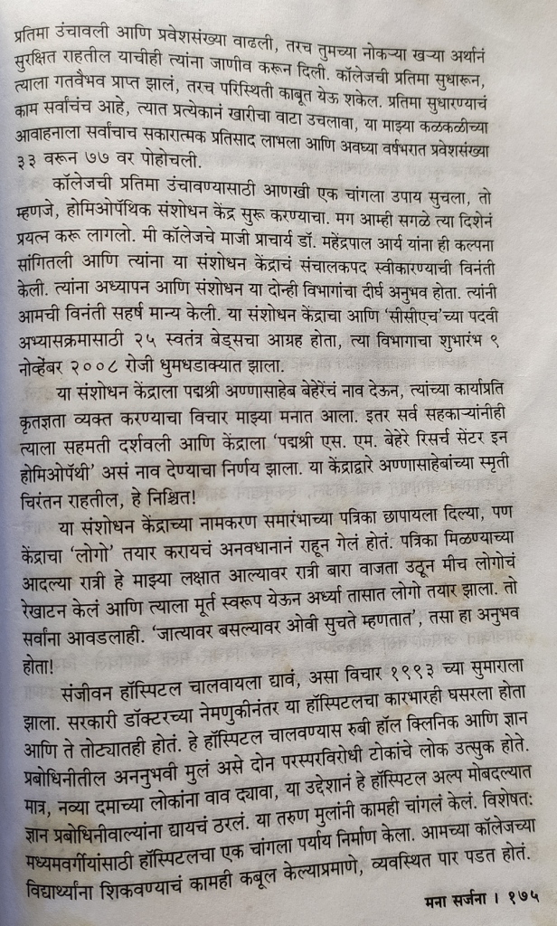 पुण्यात धोंडूमामा साठे होमीओपाथी कॉलेज आहे. त्या कॉलेजशी आणि ती चालवणाऱ्या संस्थेत त्यांनी काम केलं. त्याचे कडू-गोड अनुभव पुस्तकात आहेत.
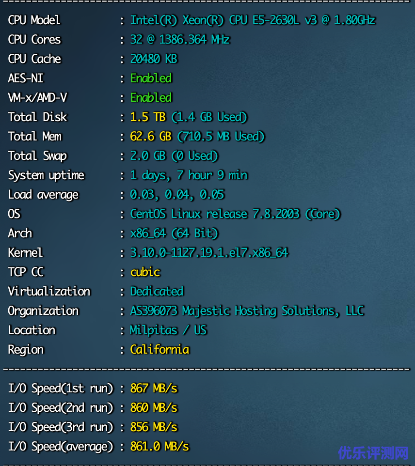商家提供了一个CPU型号2*e5-2630LV3(16核32线程,主频1.8GHz),硬盘当前I/O大致/s:
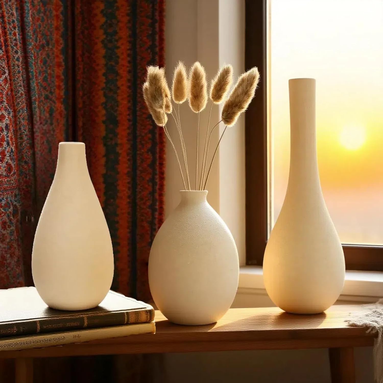 - Modern Minimalist Design – This 3-piece ceramic vase set features smooth, fluid contours and a soft light beige finish, blending contemporary elegance with earthy natural tones. Each piece is uniquely hand-finished, making it a distinctive decor accent perfect for rustic, farmhouse, boho, or modern interiors.
────────────────────
* [What you should do]:
Exactly as they appear, transcribe the lines from the top of the material above through the line with "商家提供了一个CPU型号2*". Omit any picture.

* [Reply]:
 पुण्यात धोंडूमामा साठे होमीओपाथी कॉलेज आहे. त्या कॉलेजशी आणि ती चालवणाऱ्या संस्थेत त्यांनी काम केलं. त्याचे कडू-गोड अनुभव पुस्तकात आहेत.
商家提供了一个CPU型号2*e5-2630LV3(16核32线程,主频1.8GHz),硬盘当前I/O大致/s:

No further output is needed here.